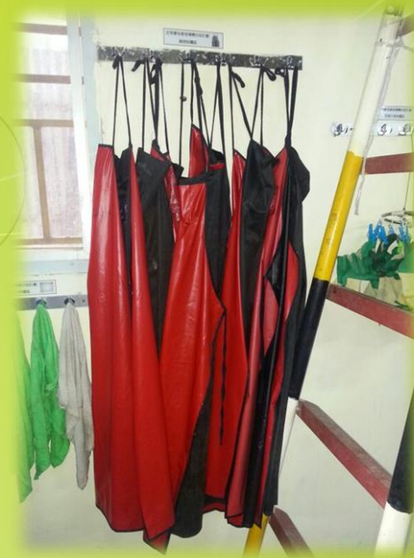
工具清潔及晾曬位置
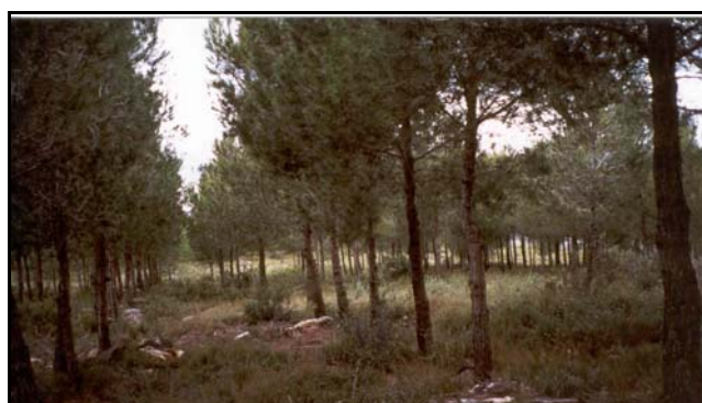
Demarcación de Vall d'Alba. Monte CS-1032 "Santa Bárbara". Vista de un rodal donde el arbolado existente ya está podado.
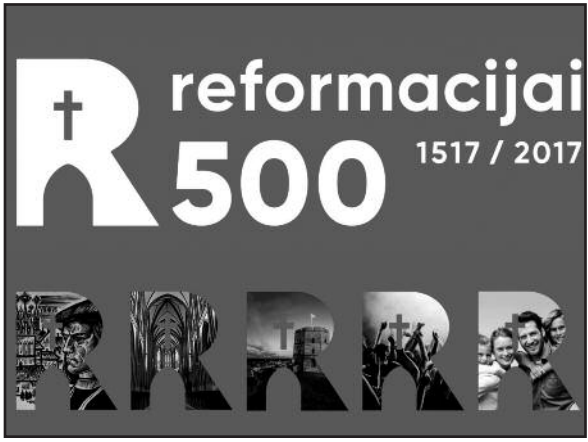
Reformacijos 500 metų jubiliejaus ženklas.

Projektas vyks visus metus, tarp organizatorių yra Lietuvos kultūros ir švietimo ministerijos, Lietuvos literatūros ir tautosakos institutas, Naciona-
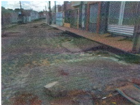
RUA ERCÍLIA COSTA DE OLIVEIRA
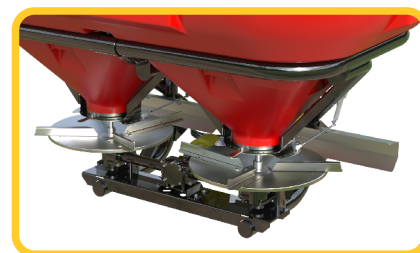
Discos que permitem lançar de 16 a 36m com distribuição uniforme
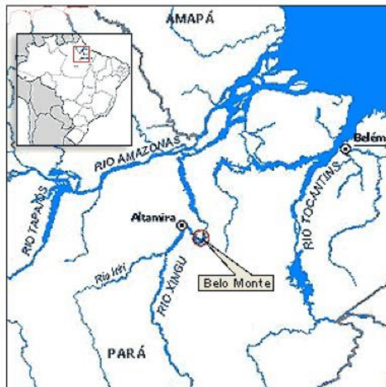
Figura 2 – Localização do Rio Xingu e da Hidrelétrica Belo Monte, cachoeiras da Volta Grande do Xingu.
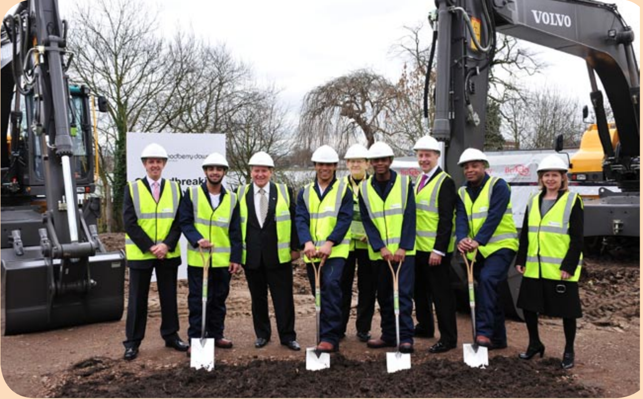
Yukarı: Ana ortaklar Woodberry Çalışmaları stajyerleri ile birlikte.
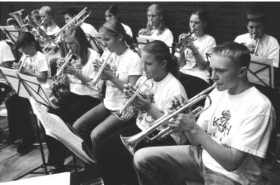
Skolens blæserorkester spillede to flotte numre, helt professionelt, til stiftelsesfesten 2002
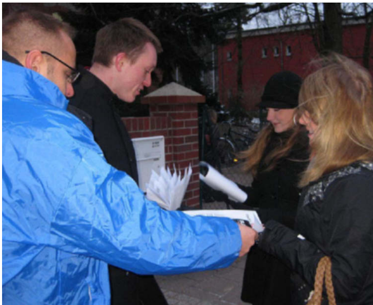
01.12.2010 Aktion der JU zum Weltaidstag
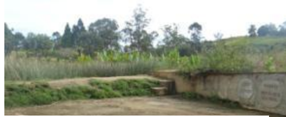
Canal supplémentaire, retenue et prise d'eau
◇ ◇ ◇
TASK:
A word-for-word copy is needed, starting at the first line of the listing and ending with the line bearing "RUA ERCÍLIA COSTA DE OLIVEIRA". No pictures.

RESULT OF THIS EXERCISE:
工具清潔及晾曬位置
Demarcación de Vall d'Alba. Monte CS-1032 "Santa Bárbara". Vista de un rodal donde el arbolado existente ya está podado.
Reformacijos 500 metų jubiliejaus ženklas.

Projektas vyks visus metus, tarp organizatorių yra Lietuvos kultūros ir švietimo ministerijos, Lietuvos literatūros ir tautosakos institutas, Naciona-
RUA ERCÍLIA COSTA DE OLIVEIRA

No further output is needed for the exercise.